Reconstructing Your Faith
Deconstruction is a hot topic these days. So-called evangelicals are hotly against it, of course, because what people are deconstructing is the phony-baloney pop religion evangelicals pass off as genuine Christianity.
Deconstruction is the process of examining your faith critically to determine if it still makes sense to you, and if it doesn’t to wonder why, and to seek something better to replace it.
To those who have been attending churches where you are expected to check your brain at the door and blindly follow whatever the local cult leader tells you, this process almost inevitably leads to destruction. That’s why so many evangelical leaders are so solidly against it. They have nothing to gain by it, and a lot to lose.
So much for Anselm’s notion that Christianity is “faith seeking understanding.” To so many evangelicals, it’s more like “faith avoiding understanding.”
And, having been nourished so long on watery skim milk of evangelicalism rather than the nourishing solid food of the genuine gospel, many who follow the process of deconstruction end up in destruction.
That is, they renounce Christianity entirely, or they retire to a languid “spiritual but not religious” passivity.
However, true deconstruction should lead to reconstruction. It should lead to reformation.
It’s often been described as a three-step process: orientation, disorientation, reorientation. Other terms are sometimes used, but the process is the same.
Orientation is where you start. You know where you are. You know what you believe. Until one day, you realize that you don’t. You don’t recognize your faith anymore. You don’t recognize yourself anymore.

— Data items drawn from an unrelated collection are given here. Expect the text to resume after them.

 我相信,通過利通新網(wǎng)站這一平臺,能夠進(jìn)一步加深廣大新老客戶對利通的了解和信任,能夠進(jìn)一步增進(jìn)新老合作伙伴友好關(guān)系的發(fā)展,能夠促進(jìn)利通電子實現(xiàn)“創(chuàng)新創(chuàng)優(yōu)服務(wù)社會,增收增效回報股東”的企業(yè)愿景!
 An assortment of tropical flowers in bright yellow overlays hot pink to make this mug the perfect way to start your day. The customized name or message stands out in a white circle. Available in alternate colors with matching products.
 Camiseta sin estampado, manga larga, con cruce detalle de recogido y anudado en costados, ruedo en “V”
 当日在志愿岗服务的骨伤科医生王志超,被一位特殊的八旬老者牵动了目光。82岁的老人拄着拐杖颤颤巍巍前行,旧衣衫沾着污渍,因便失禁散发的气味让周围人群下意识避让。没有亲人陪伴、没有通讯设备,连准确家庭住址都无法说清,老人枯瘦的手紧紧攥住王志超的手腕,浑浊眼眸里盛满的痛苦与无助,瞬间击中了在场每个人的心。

You are now officially in disorientation. It’s a tough place to be in, but it still holds promise. It’s time to start examining things. Time to see where you really stand. Time to discern what you really believe. Time to learn whom you really trust.
And if the one you trust is not Jesus, you may be stuck in disorientation more or less forever. If you discover that you really don’t trust wholly in Jesus, you may end up in destruction, or what 1 Timothy 1:19 describes as spiritual shipwreck.

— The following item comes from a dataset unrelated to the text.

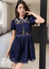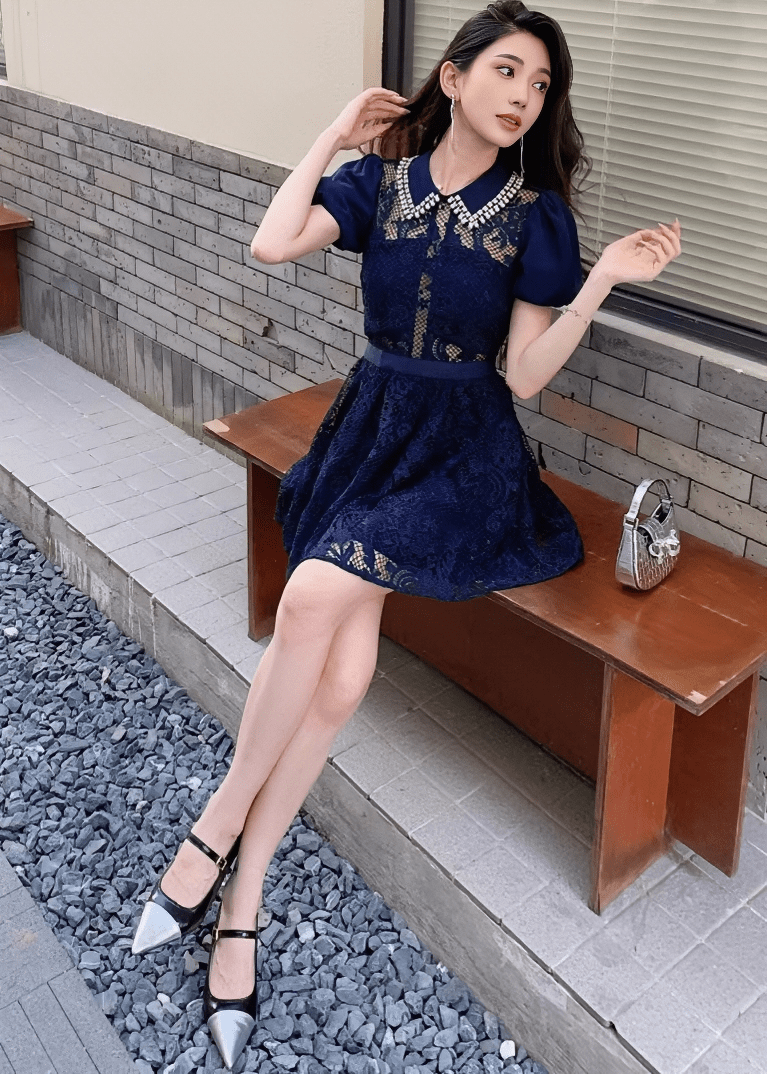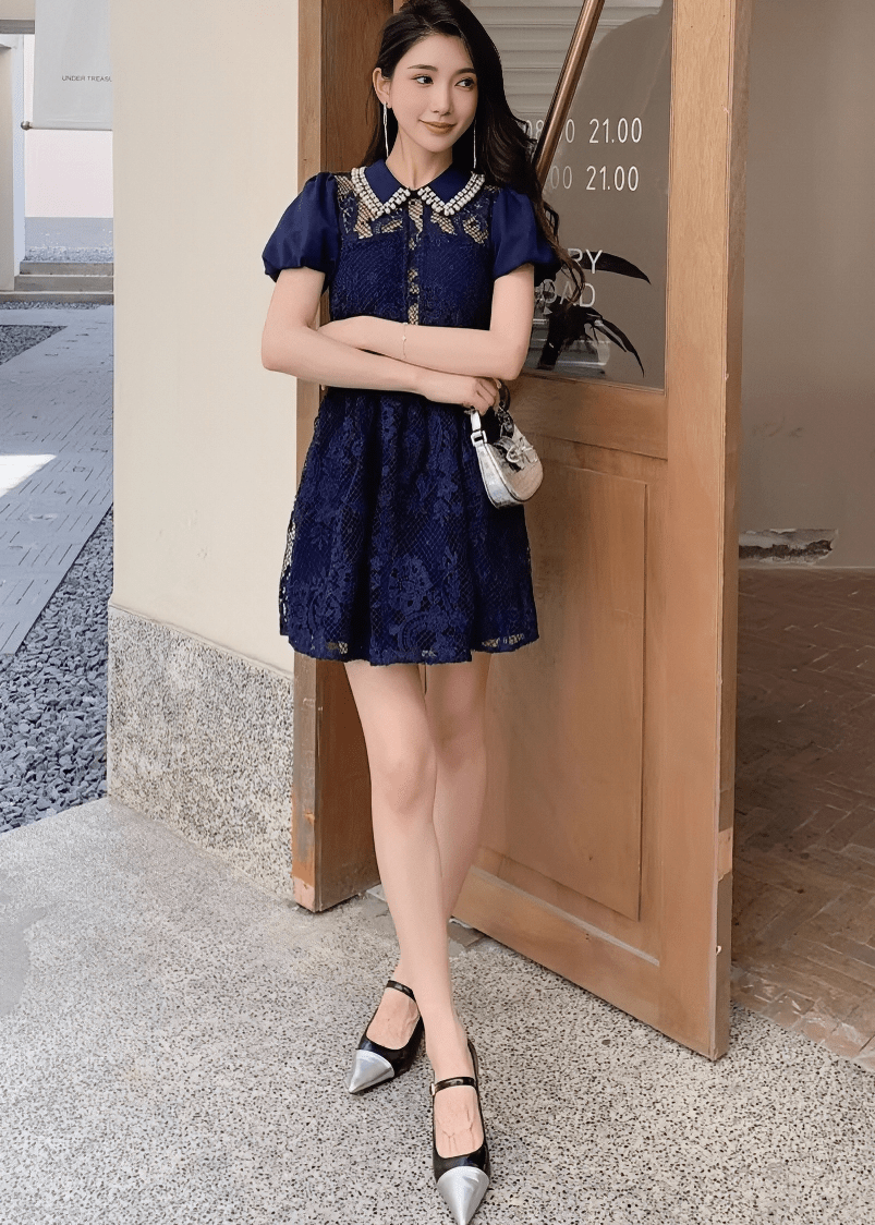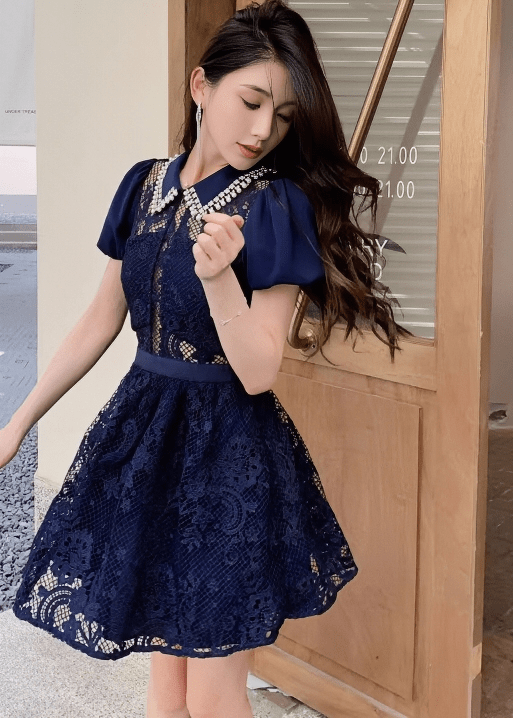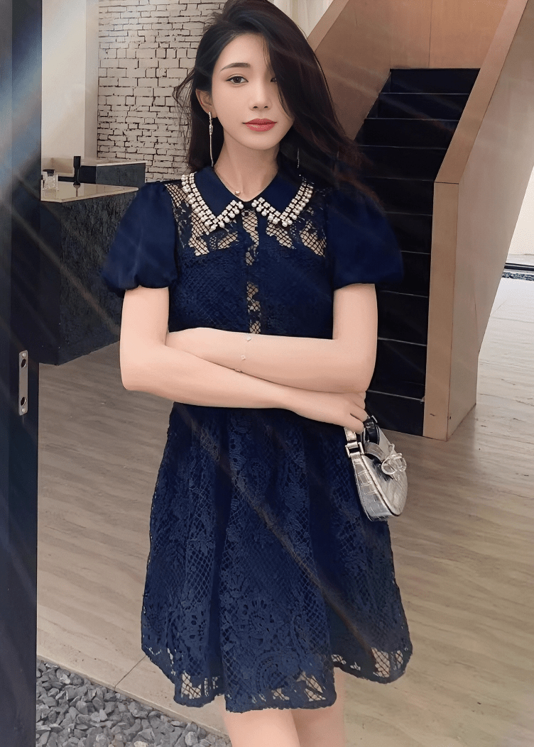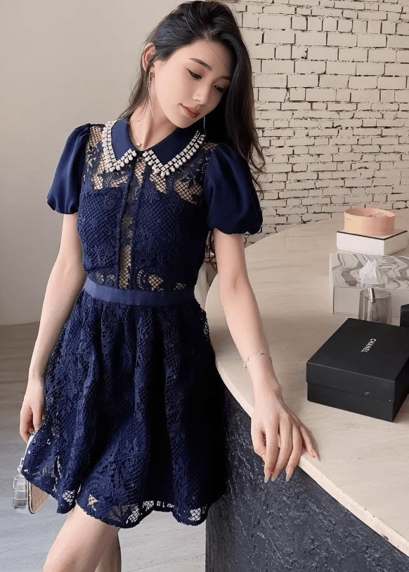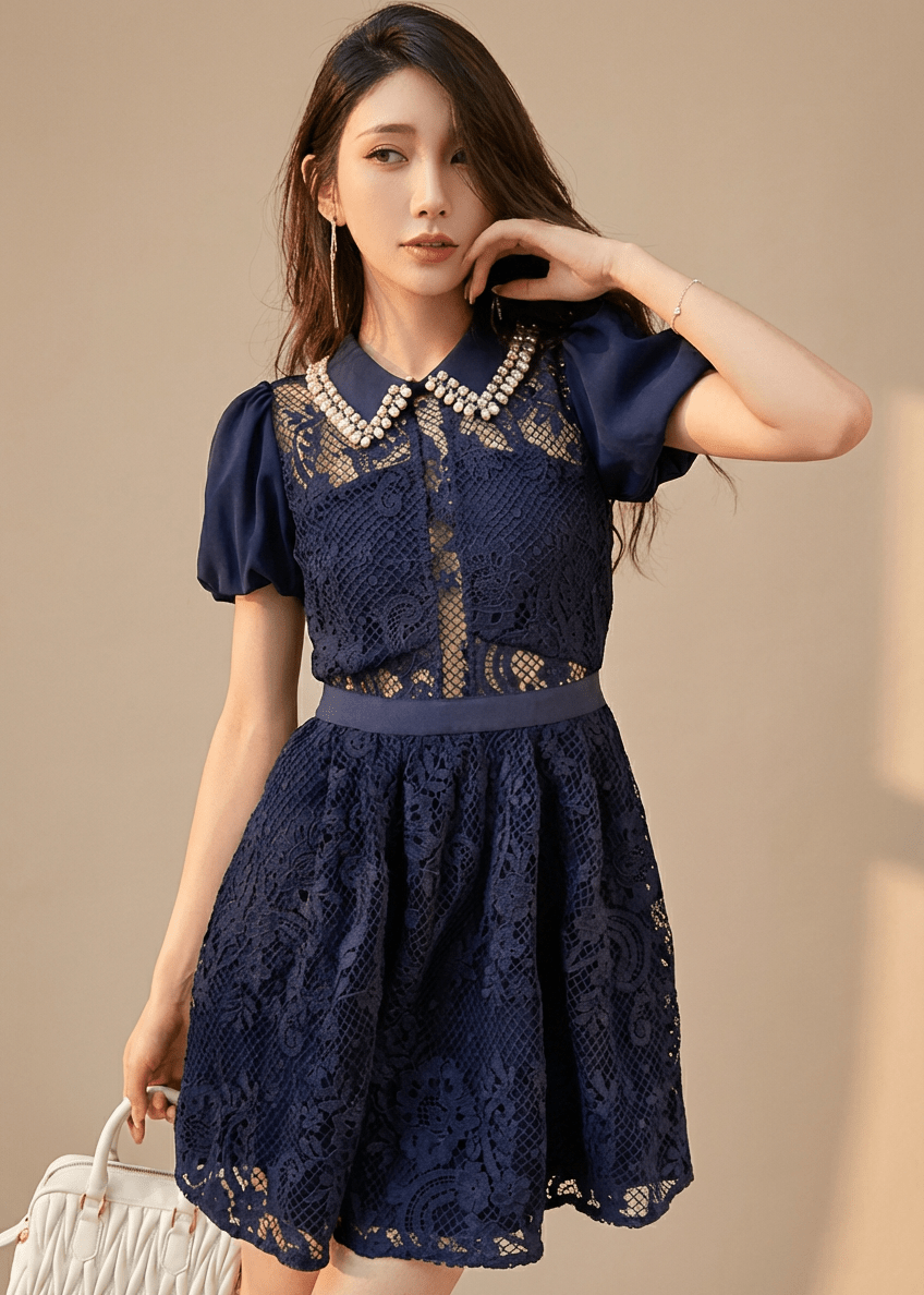 ビジューカラーシアーレースパフスリーブドレス - Vera Lumina

But if you can discover that you really do trust wholly in Jesus, and not in some cobbled-together fundamentalist construct of him, then you are on the road to reorientation. You are on the Way to learning how to follow Jesus and live the exciting life he promises.
Some have described this as a “second naivete.” You trust in Jesus more than ever before, but now you have a firm foundation for your trust. You trust the person, not some doctrine. You have worked your way through all the complications of discerning the truth about God and life, and you have landed on the other shore with a simple but unshakable trust in God through Christ.
That’s what deconstruction should be all about. Evangelicals oppose it for the same reason that they oppose any form of doubt. Doubt properly pursued leads to understanding. Deconstruction properly pursued leads to understanding, to profound trust in God, to the eternal life that Jesus promised we could enjoy starting right now if only we trust in him.
Socrates said the unexamined life was not worth living. Jesus said the truth will set you free. You’ll find the truth in Jesus, but you may have to examine your life to find him.